Enhanced with McKibben's signature eloquence, The End of Nature  was the first popular book to demonstrate that one species, allegedly the smartest species ever to appear on Earth, had reached a critical threshold, a point of irrevocably changing the planet's environment, including its atmosphere. A decade and a half later, more people are paying attention, but, as McKibben points out in his invitation to join the walk:

...leadership has been sorely lacking: even as the science around global warming has grown steadily darker, the political appointees at the head of the Environmental Protection Agency have declared that in their eyes carbon dioxide is "not a pollutant." The Congress has decided that all legislation addressing this issue must pass through a committee chaired by a man, James Imhofe, who calls global warming "a hoax." And so--in this warmest year on record across the United States--we walk to ask that this logjam be broken. Our hope is that just as in the past Vermont has spurred action on other issues, so too this example will lead others across the country to increase the pressure.

Here are McKibben's answers to my five questions:
Meteor Blades: Why Vermont? Wouldn't a walk and talk along the route from Baltimore to DC have more impact?

McKibben: Well, the short answer is that Vermont is where I live, and so, where I can organize.
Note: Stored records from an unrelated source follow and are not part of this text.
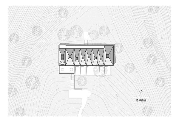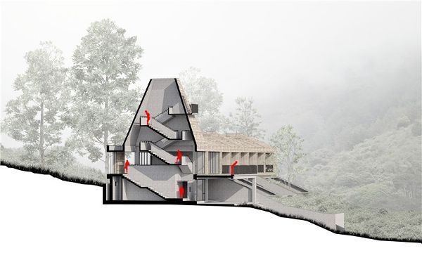一樓包括每個房間的室內花園,與景觀相關。花園由傾斜的墻壁隔開,墻壁的遠端深入地面,與茶園融為一體。二樓位于周圍的松樹中間,高度足以將它們圍起來,并成為它們樹冠的一部分。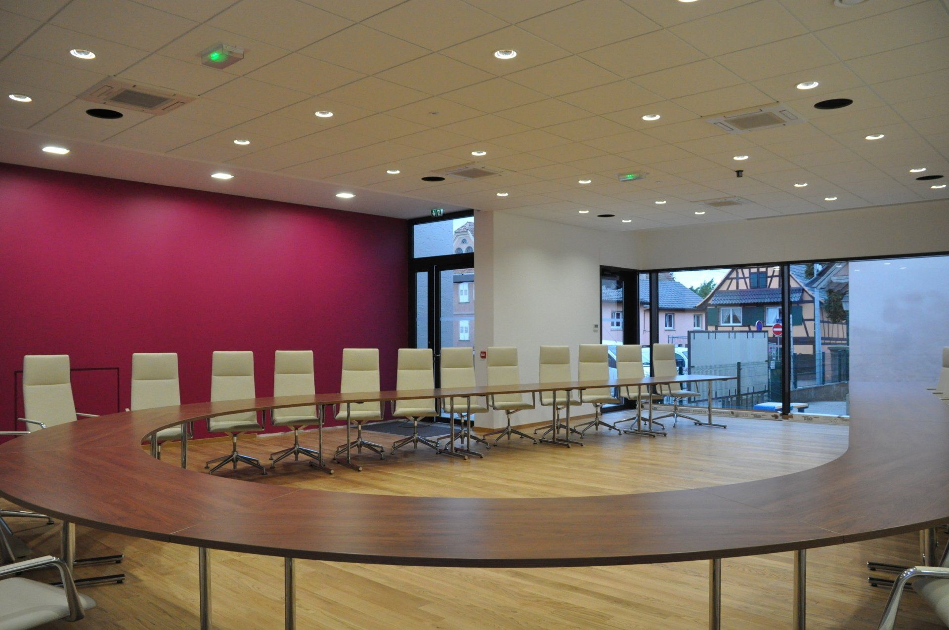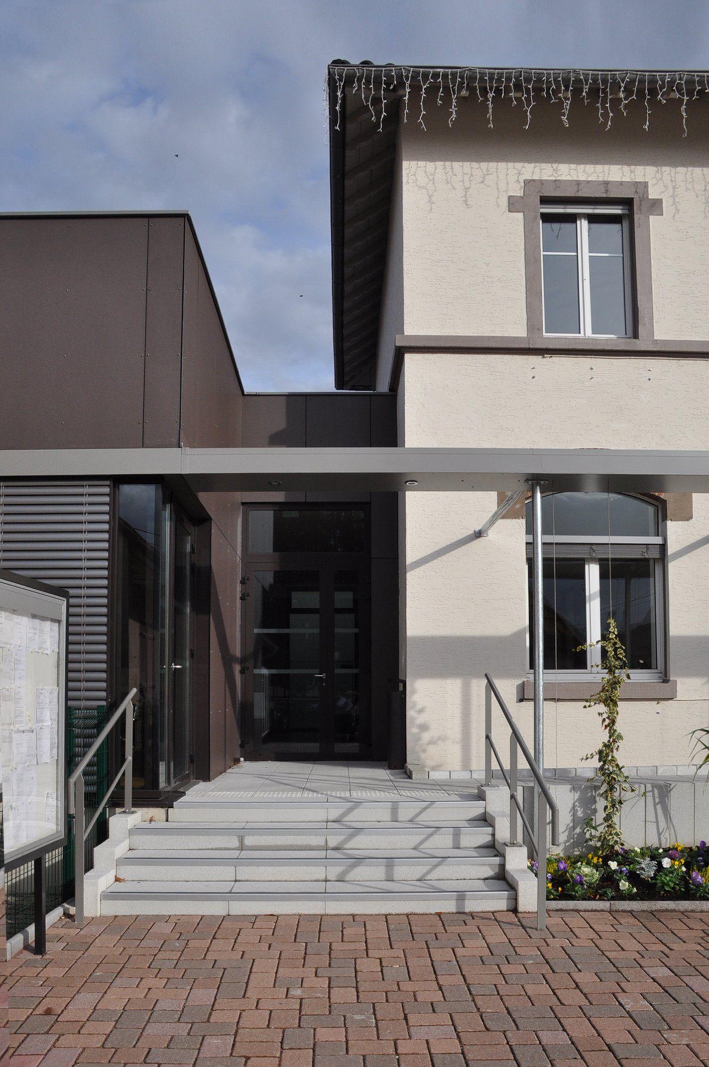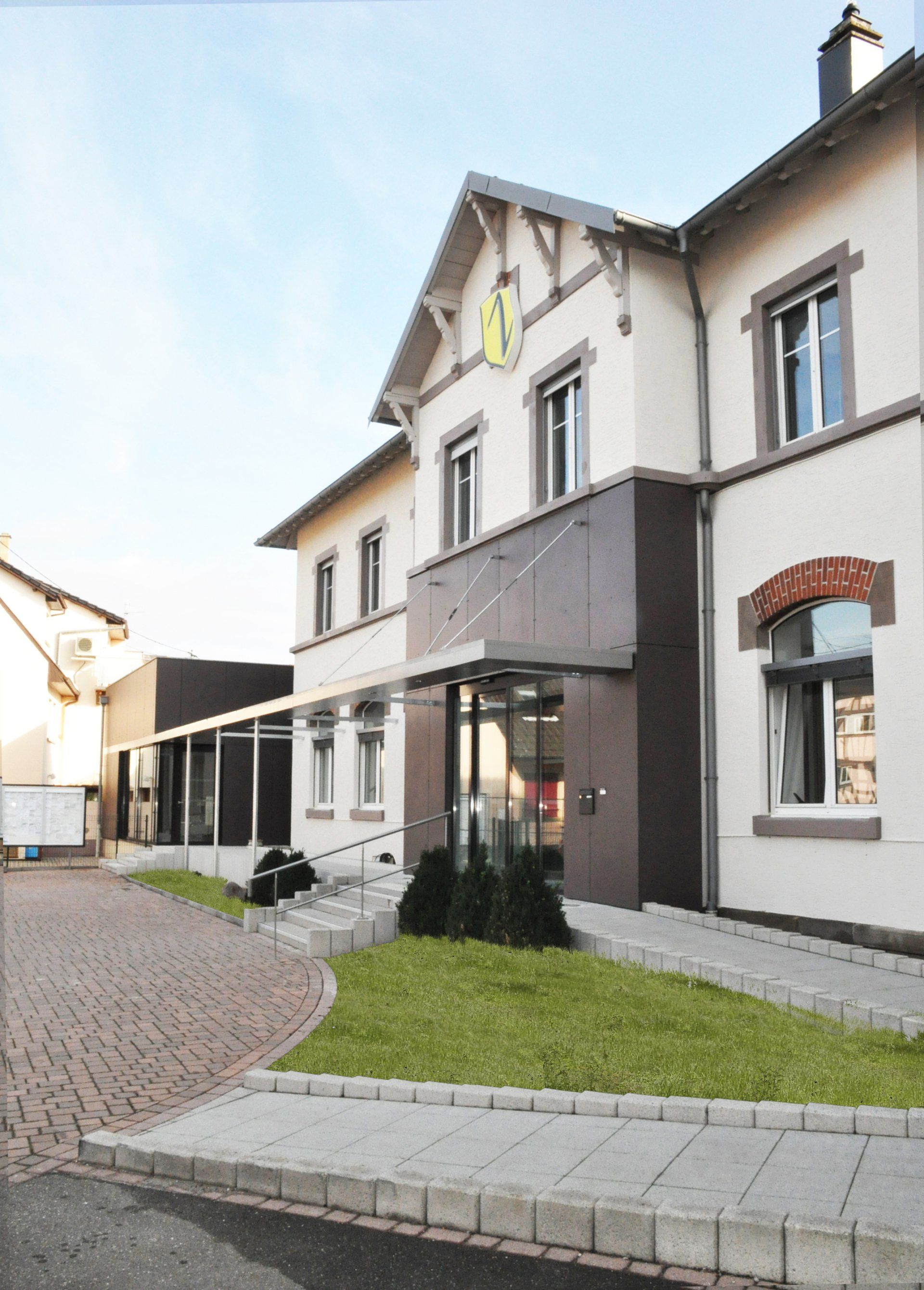 Le terrain est situé en plein cœur du village de Wolfisheim. Le projet a consisté en la rénovation et l’extension de la mairie, bâtiment datant du début du 20eme siècle. Ainsi, le rez-de-chaussée du bâtiment historique a été réaménagé, offrant une redistribution plus fonctionnelle et rationnelle des locaux accueillant le public, ainsi qu’une mise aux normes d’accessibilité. Une extension destinée à accueillir la salle des mariages et du conseil, a été réalisée en partie Nord, à simple RDC. Réalisée en ossature bois, elle est recouverte en façade de panneaux de fibrociment d’aspect minéral.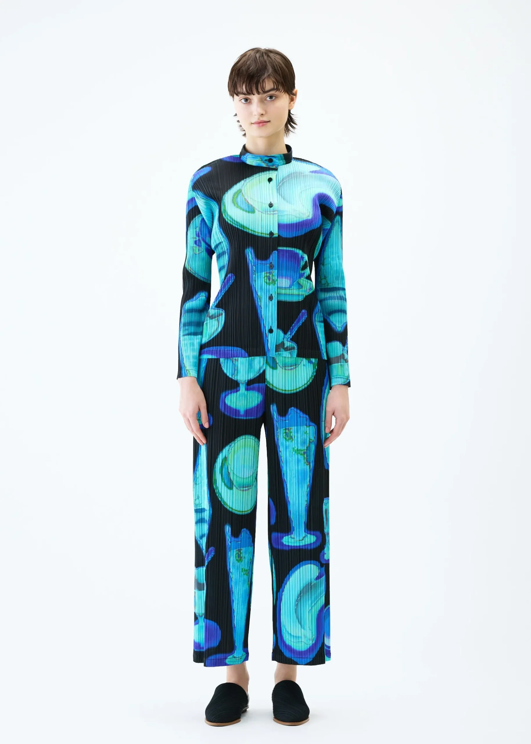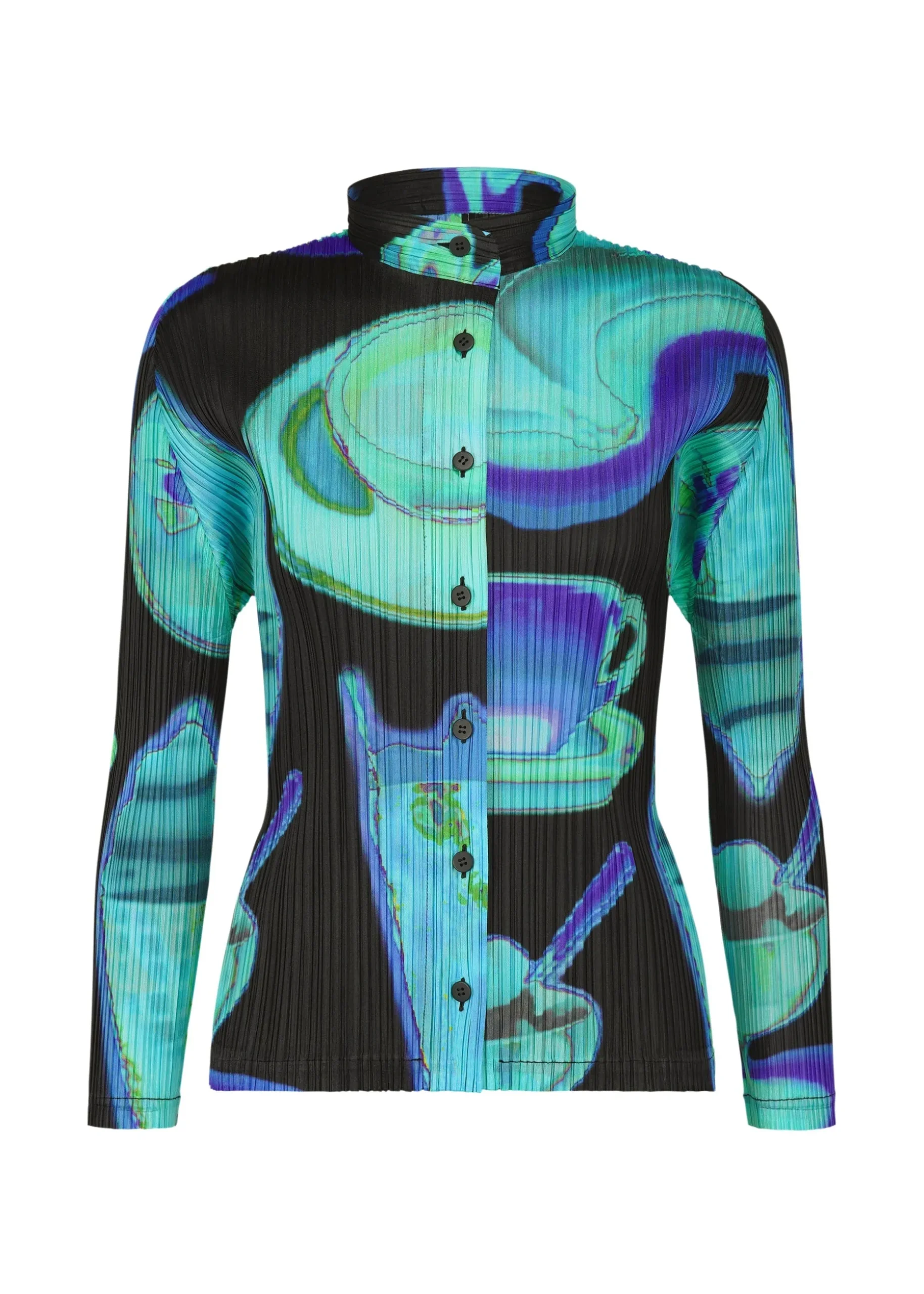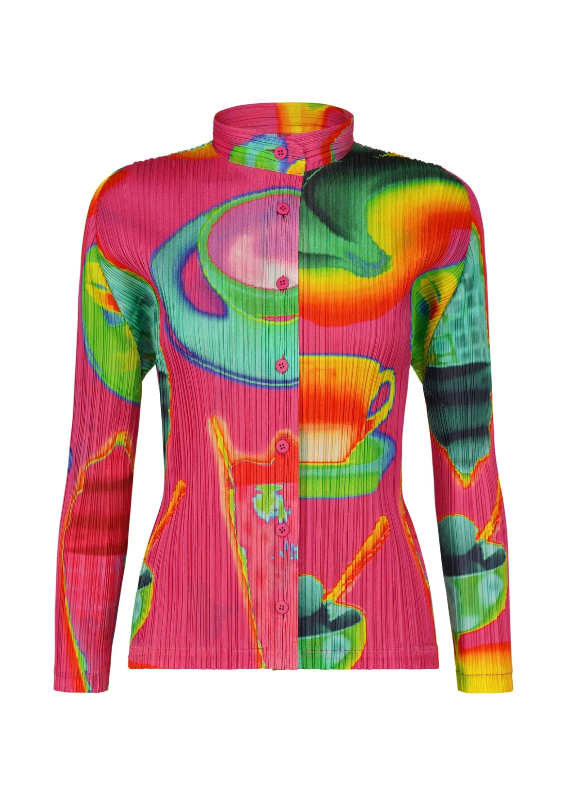 This long-sleeved shirt with a standing collar has a print featuring the temperature differences of various items captured with an infrared thermographic camera, including soft serve ice cream, bananas, and hot coffee. It is available in two color options: Pink which looks as if the motifs are heated, and Black which looks as if they are cooled.

But the great hope is precisely that if we can make some noise up here the idea will spread quickly to other spots.  Correct me if I'm wrong, but there's yet to be a real large-scale protest movement that gets spread virally in the Internet age (although the Seattle WTO protests owed part of their potency to the fact that this then-little-understood medium helped organizers assemble a crowd under the noses of the media). In fact, even in the last few weeks I've had emails from around the country asking for advice.

Anyway, though I suspect our [Vermont] legislators would mostly vote the right way anyway on global warming, we want them to understand that their constituents need them to be champions on this issue.

Meteor Blades: I know you were an early adopter of hybrid car technology. And I suspect your house is heavily insulated and the refrigerator filled with locally grown food. But one attitude I've encountered time and again is that solving global warming is such a huge issue that nothing individuals can do will make a difference, so why bother?  Any advice on how to break through the stubbornness?

McKibben: It's hard to break through that idea because, frankly, there's a deep mathematical logic to it. Individual action is a kind of calisthenics before the big event, which must be political. Only the kind of massive change that can be brought about through national (and, even harder, international) policy will really suffice to reduce the flow of carbon into the atmosphere. So the key is summoning political will - and the very act of coming together in a march, say, to demand that kind of action will help us to start feeling politically powerful again.

I wrote the very first general book about global warming, way back in 1989, and I've been working on it ever since. The science has grown grimmer in the past few years as we understand just how fast we're unhinging the Earth's system. There remains time to do something about global warming (not avert it, but keep it from getting any worse than it has to be), but we need very quickly to seize that moment. And I think that right now - because of Katrina, because of Gore's movie, because of our hot summer - is the best opening we've had in two decades.

Meteor Blades: If you rubbed a compact fluorescent bulb and the Eco-Genie popped out to offer you one wish - passage of a single piece of narrowly focused global warming legislation - what would you ask for?

McKibben: I think the rapid phase-in of a 40 mpg average for new cars. Because the technology is there to do it easily, because it would demonstrate to us that the change in our sacred lifestyles will be very small at first - and because it will give everyone the added benefit of saving some money on gas. Unless you drive a hybrid, you can't believe the number of people who sidle up to you at a gas station and ask some longing questions about exactly how far it goes on a tank of gas.

And after that I'd work my way down Energize America 2020's list of policies. I just wrote an overview article for Sierra magazine on our energy situation, and described that joint effort as the single most impressive package of energy policy anyone has yet concocted.

Meteor Blades: Some people, including long-time environmental critics, are saying that nuclear power can, at the very least, provide a transition that will buy us time to come up with other technologies to reduce or eliminate human-made greenhouse gases. Do you agree?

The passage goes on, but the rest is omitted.